From top to bottom, return the listing exactly as it appears, omitting its images.

════

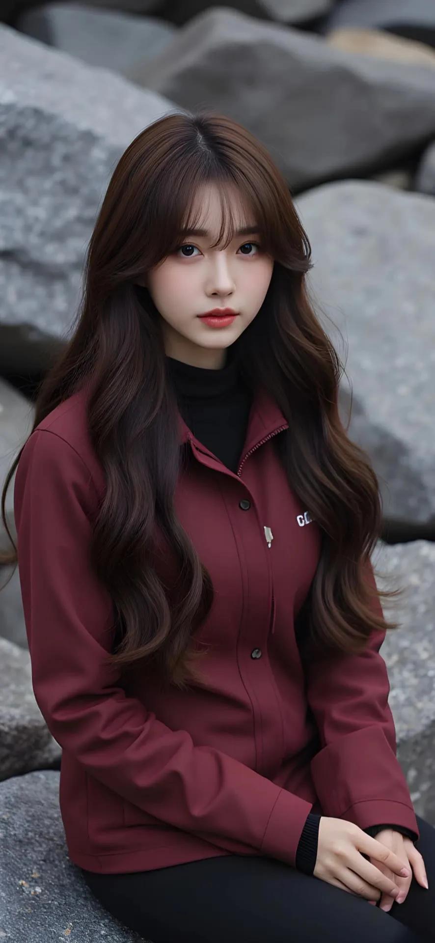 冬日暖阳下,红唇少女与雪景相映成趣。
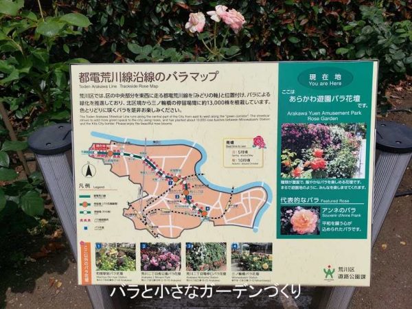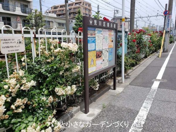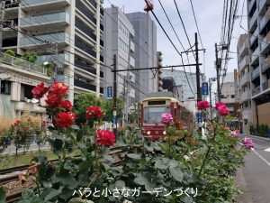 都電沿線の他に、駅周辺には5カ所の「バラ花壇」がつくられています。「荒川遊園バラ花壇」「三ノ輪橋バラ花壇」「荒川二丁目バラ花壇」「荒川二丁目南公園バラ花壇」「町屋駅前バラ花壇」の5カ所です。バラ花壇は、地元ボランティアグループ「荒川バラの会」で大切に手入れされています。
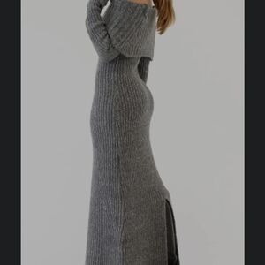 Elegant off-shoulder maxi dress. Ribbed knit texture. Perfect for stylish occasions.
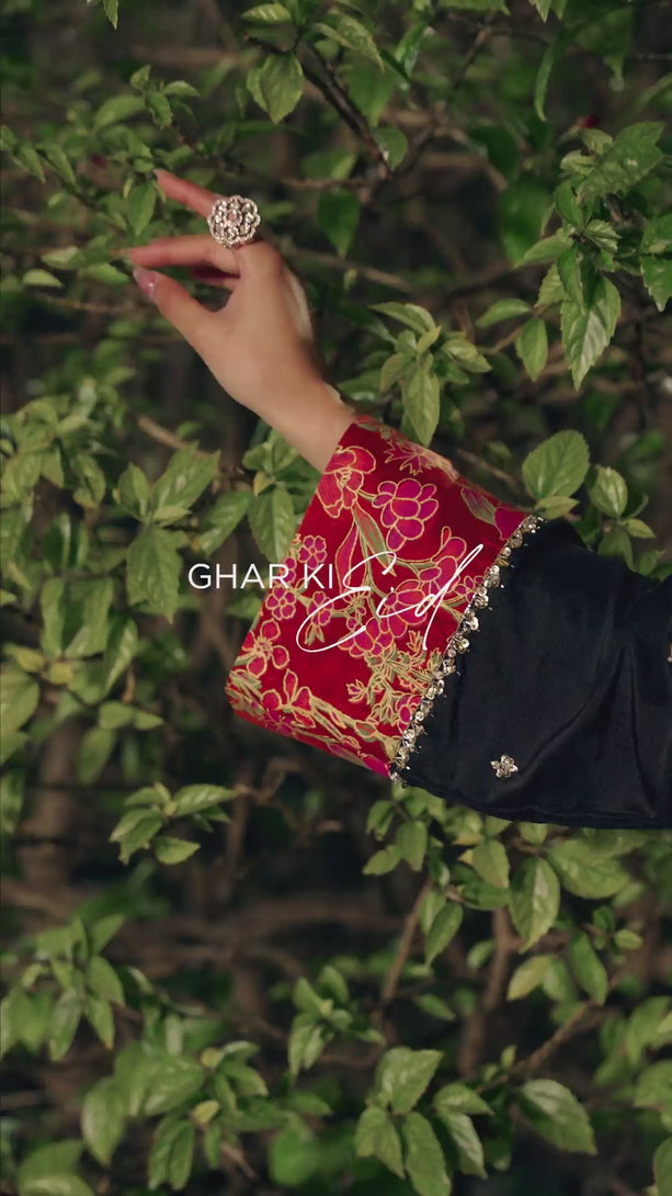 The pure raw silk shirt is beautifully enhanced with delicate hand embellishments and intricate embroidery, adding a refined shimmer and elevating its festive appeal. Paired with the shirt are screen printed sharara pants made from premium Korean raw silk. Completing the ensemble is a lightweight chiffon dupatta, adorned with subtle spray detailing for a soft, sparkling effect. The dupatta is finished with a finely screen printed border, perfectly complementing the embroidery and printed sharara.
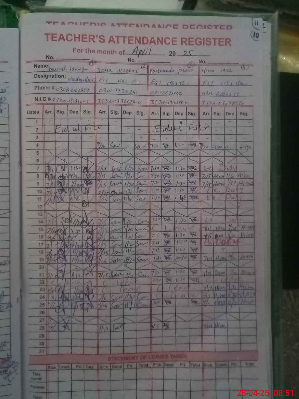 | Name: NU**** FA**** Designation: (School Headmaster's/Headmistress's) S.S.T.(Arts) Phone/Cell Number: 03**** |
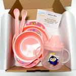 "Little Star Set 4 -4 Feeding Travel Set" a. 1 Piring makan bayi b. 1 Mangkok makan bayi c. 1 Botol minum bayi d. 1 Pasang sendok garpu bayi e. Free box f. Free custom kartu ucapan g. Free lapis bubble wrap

════

● **Exercise response**:
 冬日暖阳下,红唇少女与雪景相映成趣。
 都電沿線の他に、駅周辺には5カ所の「バラ花壇」がつくられています。「荒川遊園バラ花壇」「三ノ輪橋バラ花壇」「荒川二丁目バラ花壇」「荒川二丁目南公園バラ花壇」「町屋駅前バラ花壇」の5カ所です。バラ花壇は、地元ボランティアグループ「荒川バラの会」で大切に手入れされています。
 Elegant off-shoulder maxi dress. Ribbed knit texture. Perfect for stylish occasions.
 The pure raw silk shirt is beautifully enhanced with delicate hand embellishments and intricate embroidery, adding a refined shimmer and elevating its festive appeal. Paired with the shirt are screen printed sharara pants made from premium Korean raw silk. Completing the ensemble is a lightweight chiffon dupatta, adorned with subtle spray detailing for a soft, sparkling effect. The dupatta is finished with a finely screen printed border, perfectly complementing the embroidery and printed sharara.
 | Name: NU**** FA**** Designation: (School Headmaster's/Headmistress's) S.S.T.(Arts) Phone/Cell Number: 03**** |
 "Little Star Set 4 -4 Feeding Travel Set" a. 1 Piring makan bayi b. 1 Mangkok makan bayi c. 1 Botol minum bayi d. 1 Pasang sendok garpu bayi e. Free box f. Free custom kartu ucapan g. Free lapis bubble wrap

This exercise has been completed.